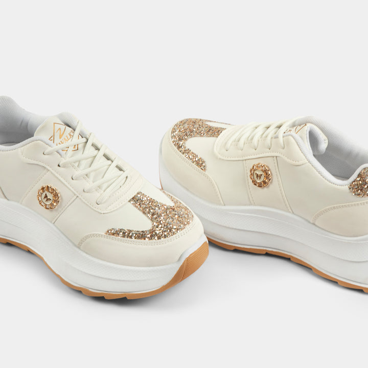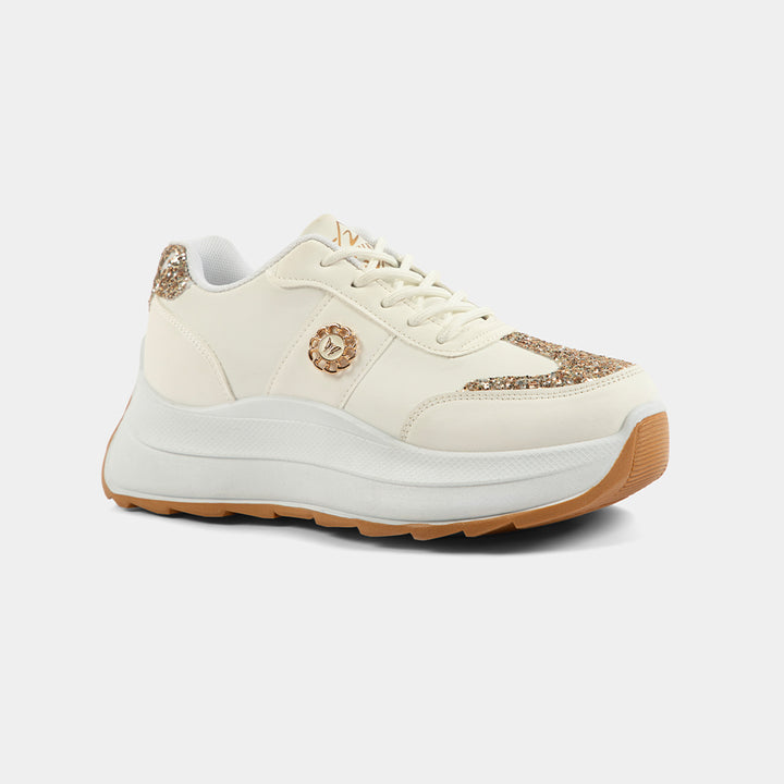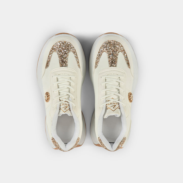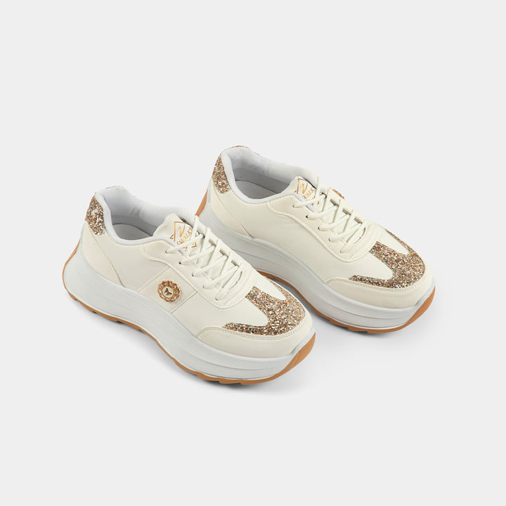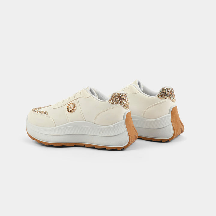 Step up your style with the latest Chunky Platform Sneakers for Women in Pakistan, featuring dazzling Gold Glitter accents! Available in two stunning versions—a classic and bold Black & Gold or a versatile, chic Beige/Off-White & Gold—these shoes are the ultimate statement footwear. The on-trend high sole design not only gives you a fashionable lift but is engineered for all-day comfort, making them perfect for university, casual outings, or adding a 'wow' factor to your party wear (dholki or birthday events). Embrace the viral chunky shoe trend with confidence and sparkle. Get your pair of these must-have stylish ladies sneakers today with Cash on Delivery (COD) all over Pakistan for a risk-free purchase!
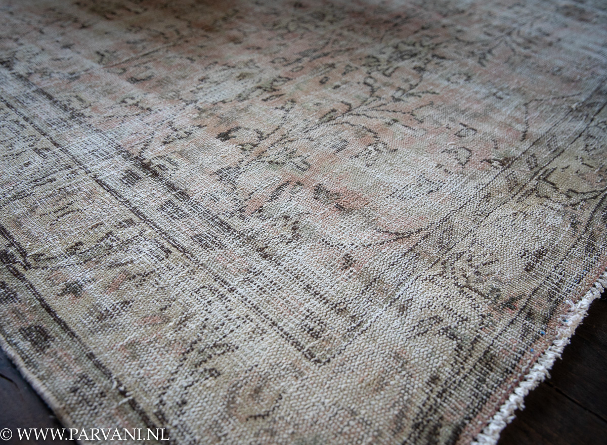 Oud roze, terra kleurig vintage tapijt met accenten en patroon in groen en donkerbruin. VERKOCHT
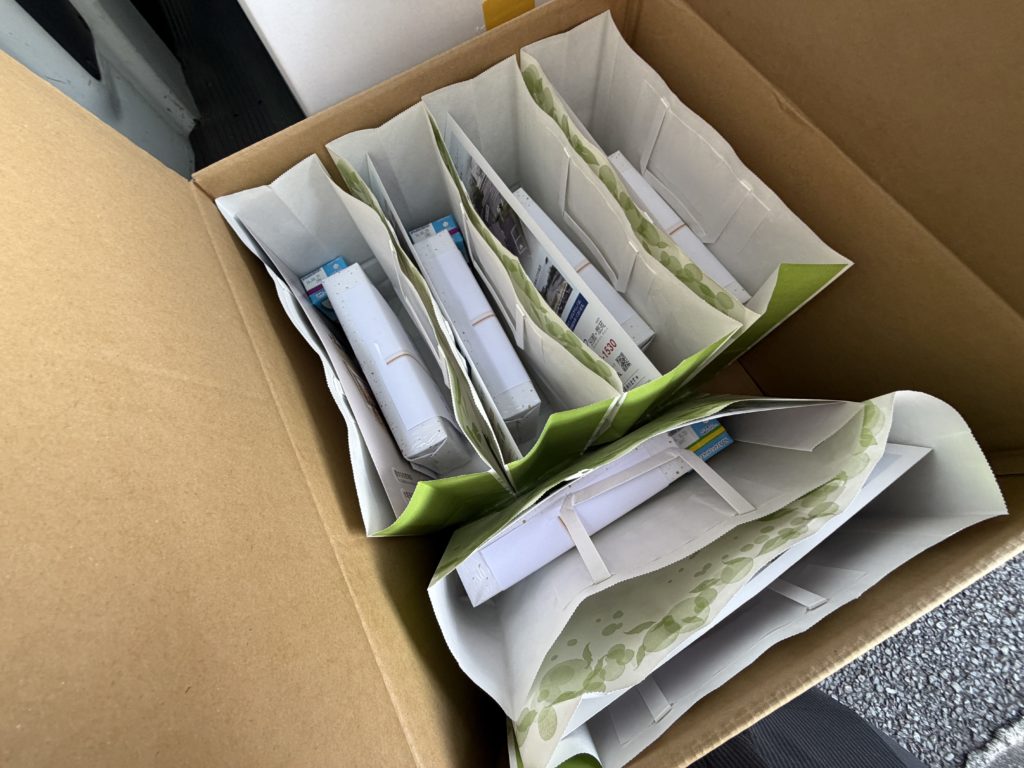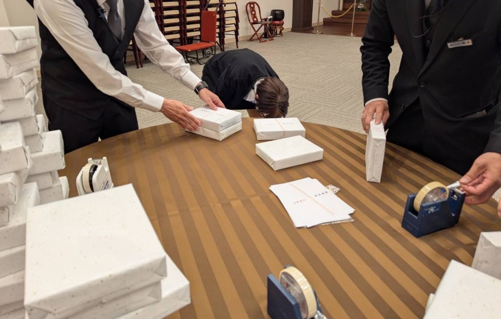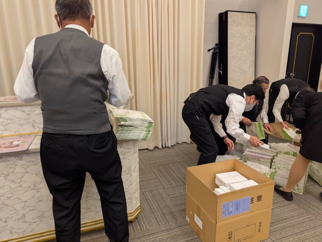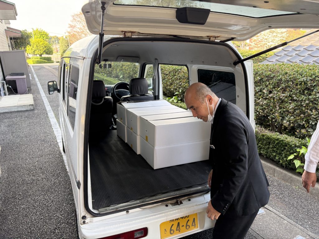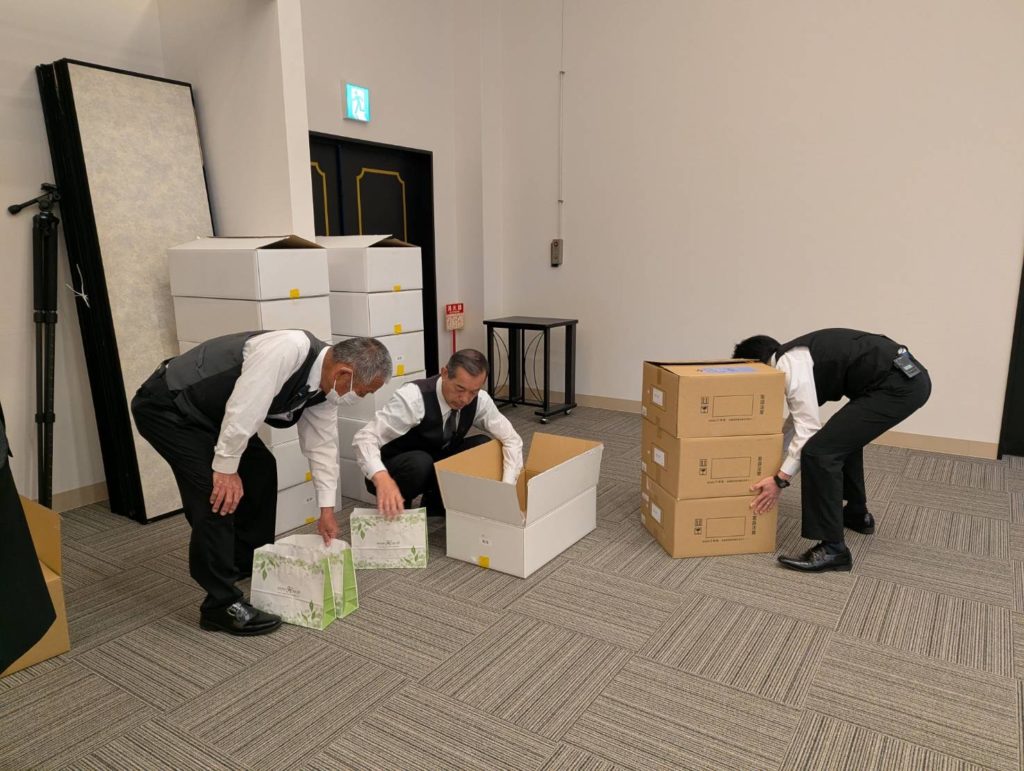 準備した品物を車に積み、会場に運びました。
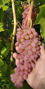 Кишмиш рожевий - безнасінний сорт винограду середнього періоду дозрівання. Квітка двостатеві. Грона великі, циліндричні, з розвиненими біля основи крилами. Ягоди овальної або слабояйцевідной форми, неоднорідно пофарбовані в рожевий колір. Шкірочка тонка. М'якоть м'ясисто-соковита, смак приємний. Визрівання пагонів хороше. Кущі сильнорослі. Урожайність висока. Сорт винограду Кишмиш рожевий слабо уражається оїдіумом. Морозостійкість середня. Виноград використовується в основному для споживання в свіжому вигляді. При сушінні дає продукцію з високими смаковими якостями.
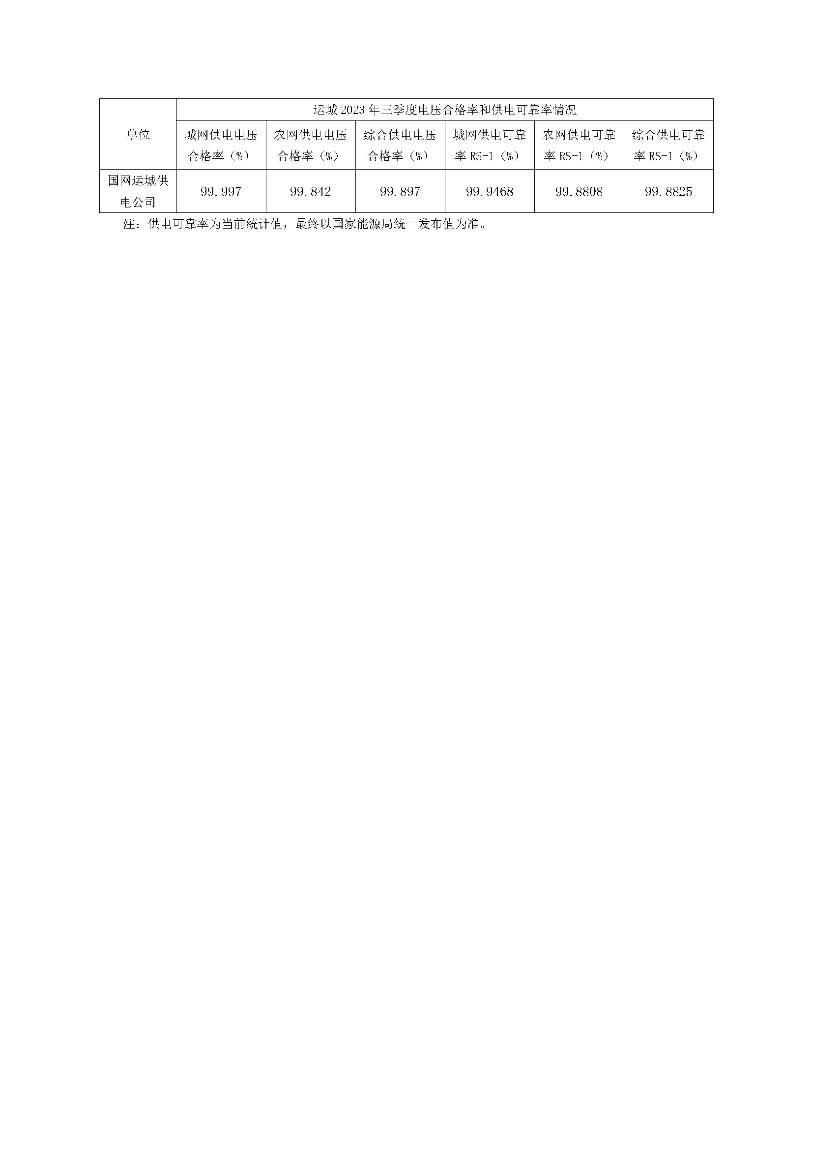 運城2023年三季度電壓合格率和供電可靠率情況

----------

■ TASK DESCRIPTION
Quote every record above exactly, leaving out any pictures.

■ ANSWER BOX
 Step up your style with the latest Chunky Platform Sneakers for Women in Pakistan, featuring dazzling Gold Glitter accents! Available in two stunning versions—a classic and bold Black & Gold or a versatile, chic Beige/Off-White & Gold—these shoes are the ultimate statement footwear. The on-trend high sole design not only gives you a fashionable lift but is engineered for all-day comfort, making them perfect for university, casual outings, or adding a 'wow' factor to your party wear (dholki or birthday events). Embrace the viral chunky shoe trend with confidence and sparkle. Get your pair of these must-have stylish ladies sneakers today with Cash on Delivery (COD) all over Pakistan for a risk-free purchase!
 Oud roze, terra kleurig vintage tapijt met accenten en patroon in groen en donkerbruin. VERKOCHT
 準備した品物を車に積み、会場に運びました。
 Кишмиш рожевий - безнасінний сорт винограду середнього періоду дозрівання. Квітка двостатеві. Грона великі, циліндричні, з розвиненими біля основи крилами. Ягоди овальної або слабояйцевідной форми, неоднорідно пофарбовані в рожевий колір. Шкірочка тонка. М'якоть м'ясисто-соковита, смак приємний. Визрівання пагонів хороше. Кущі сильнорослі. Урожайність висока. Сорт винограду Кишмиш рожевий слабо уражається оїдіумом. Морозостійкість середня. Виноград використовується в основному для споживання в свіжому вигляді. При сушінні дає продукцію з високими смаковими якостями.
 運城2023年三季度電壓合格率和供電可靠率情況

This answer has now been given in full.